Indeed, if all teachers are going to be held responsible for results in core subjects, Chicago teachers say they will need more consistent professional development to help them teach skills they were never trained or licensed to teach.

“I’d be a lot more open to it if all teachers were properly trained,” said George Mueller, a veteran social studies teacher at Dunbar Vocational Career Academy, a public high school on Chicago’s South Side. Mueller said the district offers some general training for all teachers in reading strategies, but bad winter weather this year canceled some sessions. “We’re not getting the constant training that I think would be beneficial,” he says.

In the meantime, some teachers have taken matters into their own hands, collaborating with other educators to find ways to teach foundational skills across different subjects.

In one example, Micah Miner, the social studies department head at Nancy B. Jefferson Alternative High School in Chicago, says he worked with the English department to figure out which literacy skills could be addressed in both social studies and English classes—including reading strategies that help with comprehension.

Experts agree that the onus shouldn’t be solely on teachers to prepare for the new evaluations.
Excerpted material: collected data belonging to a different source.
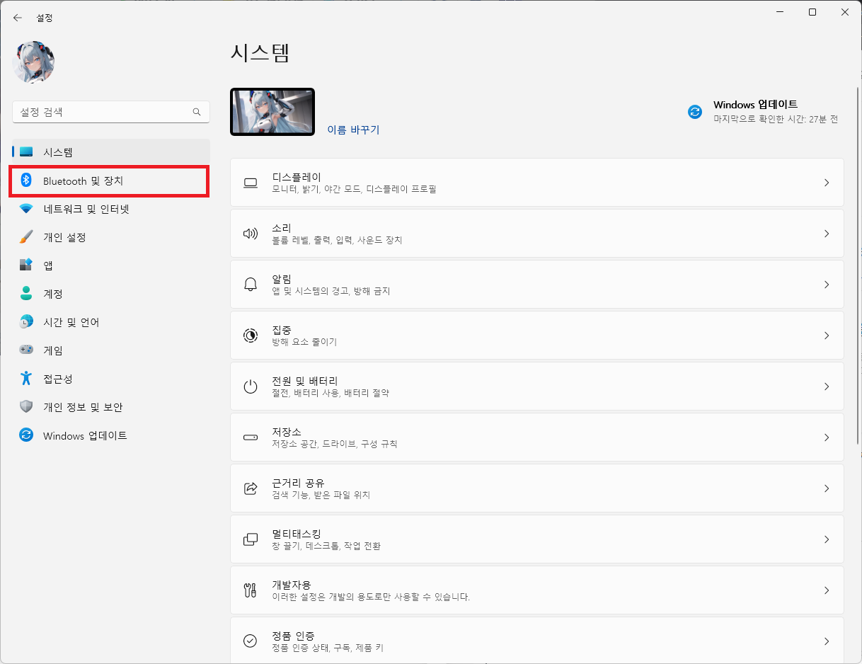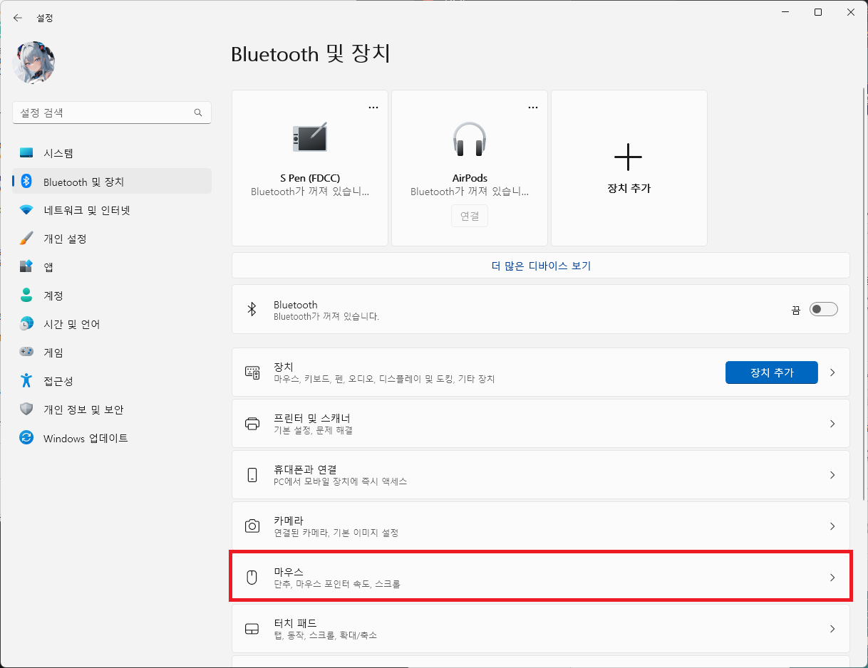 설정에서 [Bluetooth 및 장치 > 마우스 > 더 많은 마우스 설정]을 누르거나,
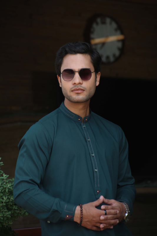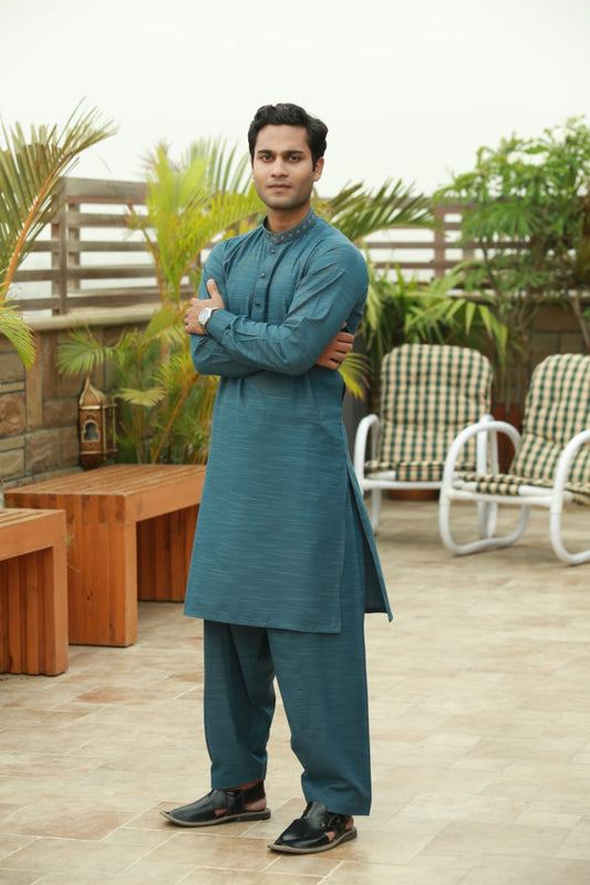 Teal Blue Textured Shalwar Kameez-TB(SK)001
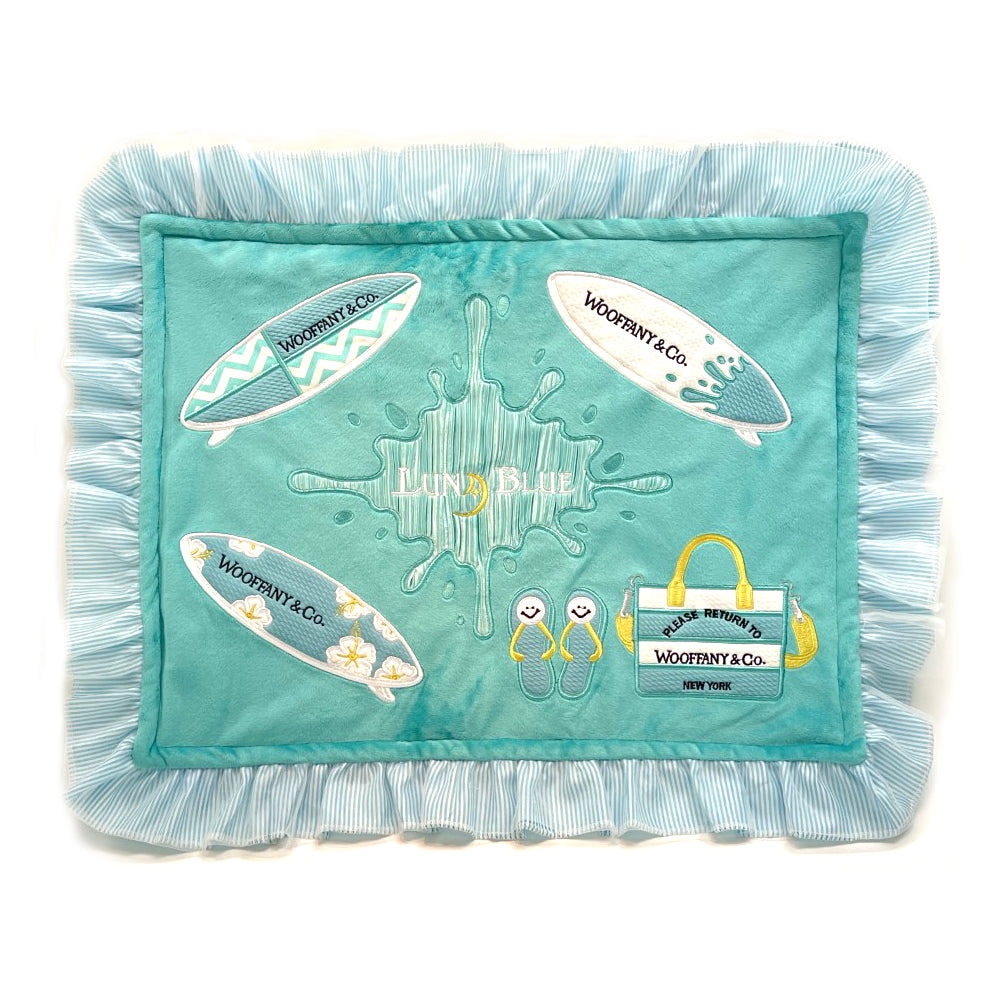 Made using soft plush fabric with embroidered designs, these Luna Blue mats are great for adding a layer of comfort to wherever your dog needs a break. This design features a play on one of the world's favorite designer brands.
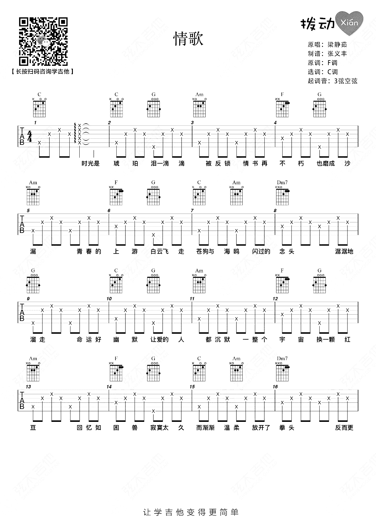 梁静茹《情歌》吉他谱,由弦木音乐制谱,总共2张高清图片谱,弹唱十分的简单,最基础的分解和弦,但是不影响和弦的准确性,感兴趣的不妨跟着吉他弹唱视频先试试吧,如果觉得想挑战更高难度,可以选择这首歌的其他版本。
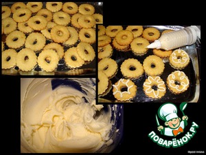 Кондитерским шприцем с кремом рисуем узоры на остывших колечках.
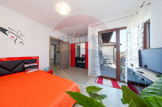 - Etaj: hol, doua dormitoare (unu cu balcon ), baie, dormitor matrimonial.
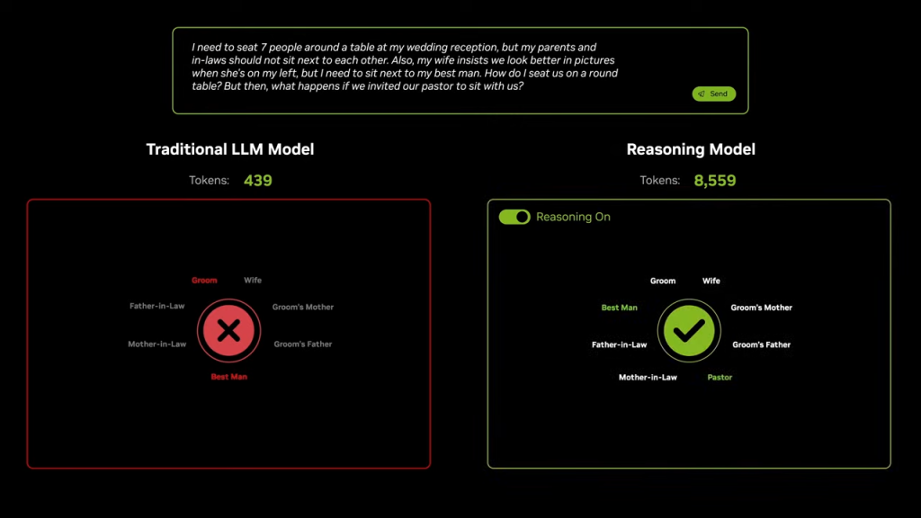为了验证这一点,英伟达将“传统模型”Llama 3.3与推理模型DeepSeek R1进行了对比。在回答同一个关于婚礼座位安排的问题时,Llama 3.3 70B模型在一次推理中使用了439个tokens,虽然耗时较短,但得出了错误的答案。而DeepSeek R1模型则使用了近9000个tokens,虽然耗费了更多的计算资源和时间,但得出了正确答案。
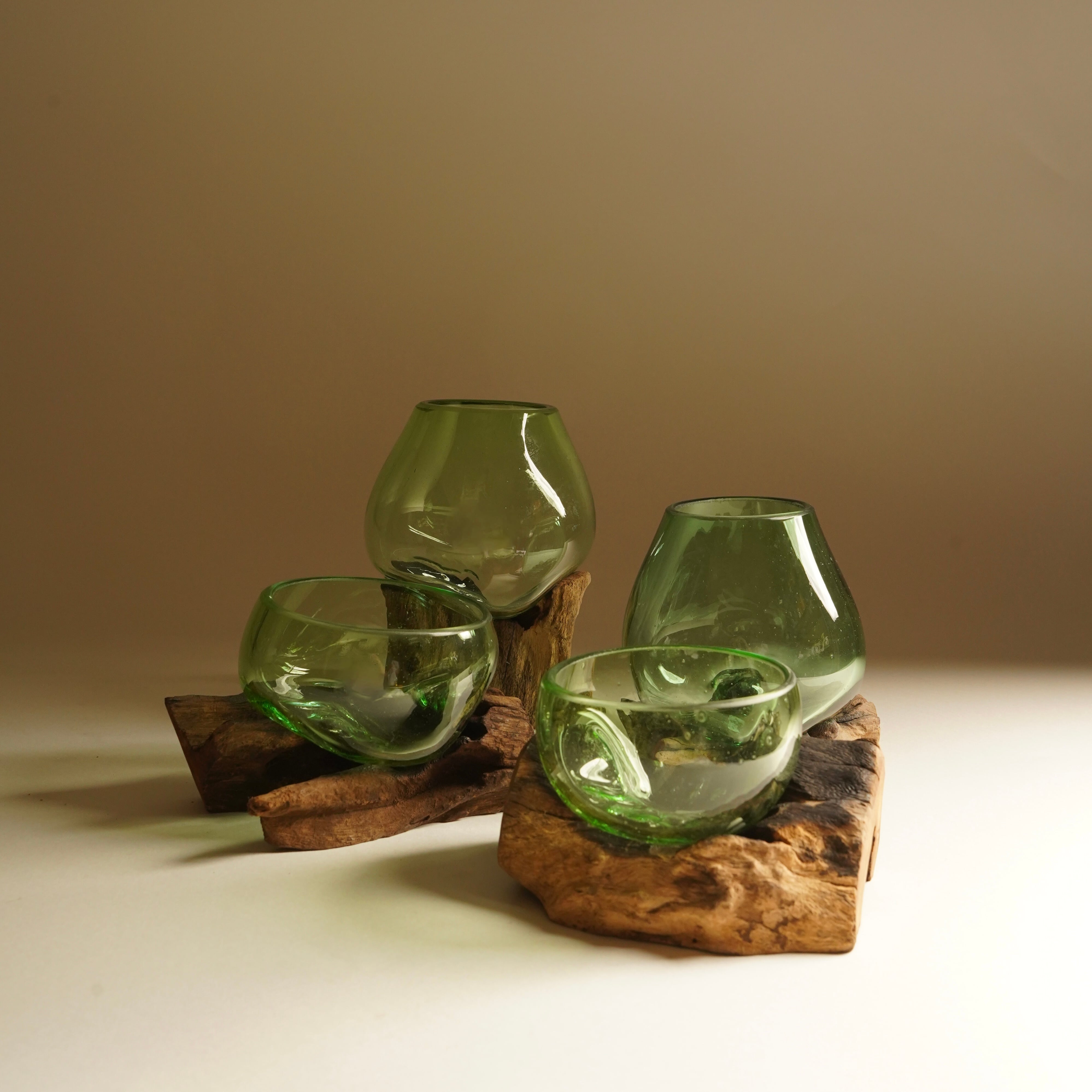 古木/手吹シリーズは、自然の根っこを使用し、個体ごとに手吹によりガラスを形成しているため、サイズ、形、色味等非常に個体差がございます。世界にオンリーワンと捉えて頂けますと幸いです。
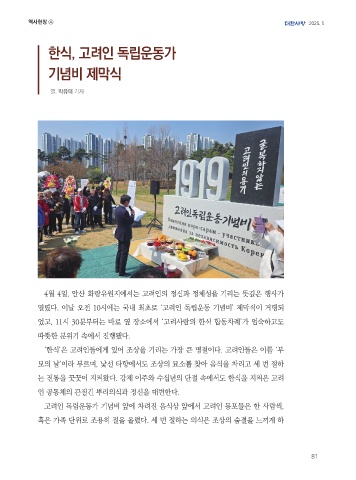 열렸다. 이날 오전 10시에는 국내 최초로 ‘고려인 독립운동 기념비’ 제막식이 거행되
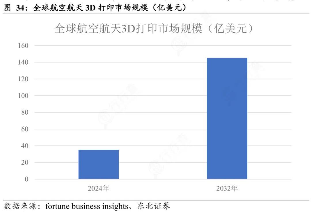 Fortune Business Insights数据显示,2024年全球航空航天领域3D打印市场规模约为35.3亿美元,预计2032年可以达到145.3亿美元,2025~2032年复合增速超过20%,行业处于快速成长期。

But as states fumble through policy changes that are very much trial and error, teachers and their students could ultimately pay the price.

In Albuquerque, Prior has only taught for four years, but already he is convinced that there is no other job for him. The drama surrounding teacher evaluations, while frustrating, won’t push him out of the profession. If someday he is unable to teach in New Mexico because of a negative evaluation, he will simply find a teaching position elsewhere, he says.

Prior is 26 and has no family commitments, so the move would be an easy one. But he fears the same isn’t true for many of his colleagues.

“It’s incredibly disheartening,” Prior says. “They’re going to push away a teacher who could be brilliant.”